Based on the relationships between words learned from texts, LLMs also create vast webs of semantic associations that interconnect words. These associations form the backbone of an LLM’s ability to generate contextually appropriate and meaningful responses. When we provide a prompt to an LLM, we are not merely supplying words; we are activating a complex network of related concepts and ideas. Consider the word “apple”. This simple term can trigger a cascade of associated concepts such as “fruit,” “tree,” “food,” and even “technology” or “computer”. The activated associations depend on the context provided by the prompt and the prevalence of related concepts in the training data. The specificity of a prompt greatly affects the semantic associations an LLM considers. A vague prompt like “tell me about apples” may activate a wide array of diverse associations, ranging from horticultural information about apple trees to the nutritional value of the fruit or even cultural references like the tale of Snow White. An LLM will typically use the association with the highest occurrence in its training data when faced with such a broad prompt. For more targeted and relevant responses, it is crucial to craft focused prompts that incorporate specific technical jargon or references to particular disciplines. By doing so, the user can guide the LLM to activate a more precise subset of semantic associations, thereby narrowing the scope of the response to the desired area of expertise or inquiry.

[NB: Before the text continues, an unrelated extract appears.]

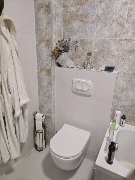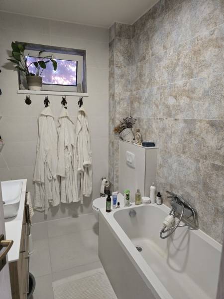 Egyedi kialakítású téglalakás napelemmel és szauna házzal Budapesttől 25 percre Gödöllőn.Csendes, családbarát lakóparkban eladó egy 3 szobás, alacsony rezsiköltségű újszerű állapotú, 94,50 m2-es, földszinti, hőszigetelt téglalakás, 100 m2 kerttel, napelemes rendszerrel és finn elektromos szaunával. A lakópark békés, szép erdő melletti környezetben található.Helyiséglista:előtér - mosdó-wc - konyha-étkező-nappali-fedett terasz - előtér - fürdő-wc - szoba - szoba - kert- szaunaházA lakás kiváló elosztással rendelkezik, meleg, déli tájolású nagy ablakokkal, fedett terasszal. Az öntözőrendszerrel kialakított kertben fatüzelésű erdélyi fürdődézsával és egy prémium kivitelezésű 6 személyes finn szaunával, a nyári madárcsicsergés mellett még a téli hétköznap esték is meghitt nyugalomban és teljes feltölődésben telnek.A lakás mind esztétikailag, mind műszakilag kiváló állapotban van:A szobákban, a konyhában és a nappaliban eredeti svéd tölgyfa padló, az előtérben és a fürdőben gyönyörű kerámia burkolatú a padozat. Az amerikai konyhás nappaliban fa konyhabútorok egyedi tervezésűek, tömör tölgyfa munkalappal, beépített elektromos elektromos sütővel, gáz főzőlappal, elektromos páraelszívóval, és mosogatógéppel valamint elektromos szelektív kukával.A külső műanyag nyílászárók 3 rétegű hőszigetelt üvegezésűek, míg a beltéri ajtók fából készültek, üveg berakással. A fűtés padló és falfűtés, a melegvizet is kondenzációs kazán készíti.A tetőn 8,5 kWp teljesítményű napelem rendszer biztosítja a lakás teljes elektromos fogyasztását, sőt az 5000 kWh többlettermelés akár még 2 elektromos autó töltő éves díjmentes fogyasztását is fedezni tudja, vagy egy elektromos bojler beépítésével 0 rezsiköltségű ingatlan alakítható ki, hiszen még 7 évig a szaldó elszámolás biztosított. Saját autóbeálló is tartozék az ingatlanhoz.A 100 m2-es kertben kialakított kis magaságyásokban hobbikertészkedéssel lehet kikapcsolni a munkanapok után. A kert ékköve a mészkőből faragott kerti kút és a 6 méter magas fekete bambusz sor mellett, egy 6 személyes, egyedi tervezésű elektromos finn, csomómentes, rezgőnyár szauna hozzá tartozó hidegvizes merülő dézsával. A hűvösebb hónapok komfort élményét egy erdélyi fatüzelésű dézsa is fokozza.A lakás parkos, erdős, nyugodt, zöldövezetben található, játszótérrel és biztonságos környezettel. Ugyanakkor minden városi szolgáltatás csak pár perc távolságra található.Iskola, óvoda, bölcsőde, uszoda, orvosi rendelő és gyógyszertár, vonat és buszállomás valamint autópálya autóval elérhető 5-10 percen belül. A tulajdonviszonyok rendezettek, rövid időn belül birtokba vehető. Helyi kontakt: 30-921-9241

LLMs have internal parameters that influence their creativity and determinism, such as “temperature”, “top-p”, “max length”, and various penalties. However, these are typically set to balanced defaults, and users should not modify them; otherwise, they could compromise the ability of LLMs to provide meaningful answers. Prompt engineering is therefore the primary method for guiding LLMs toward desired outputs. By crafting specific prompts, users can subtly direct the model’s responses, ensuring relevance and accuracy. The LLM derives a wealth of information from the prompt, determining not only semantic associations for the answer but also estimating its own role and the target audience’s knowledge level. By default, an LLM assumes the role of a helper and assistant, but it can adopt an expert’s voice if prompted. However, to elicit an expert-level response, one must not only set an expert role for the LLM but also specify that the inquirer is an expert as well. Otherwise, an LLM assumes an “average Joe” as the target audience by default. Therefore, even when asked to impersonate an expert role, an LLM may decide to simplify the language for the “average Joe” if the knowledge level of the target audience is not specified, which can result in a disappointing answer.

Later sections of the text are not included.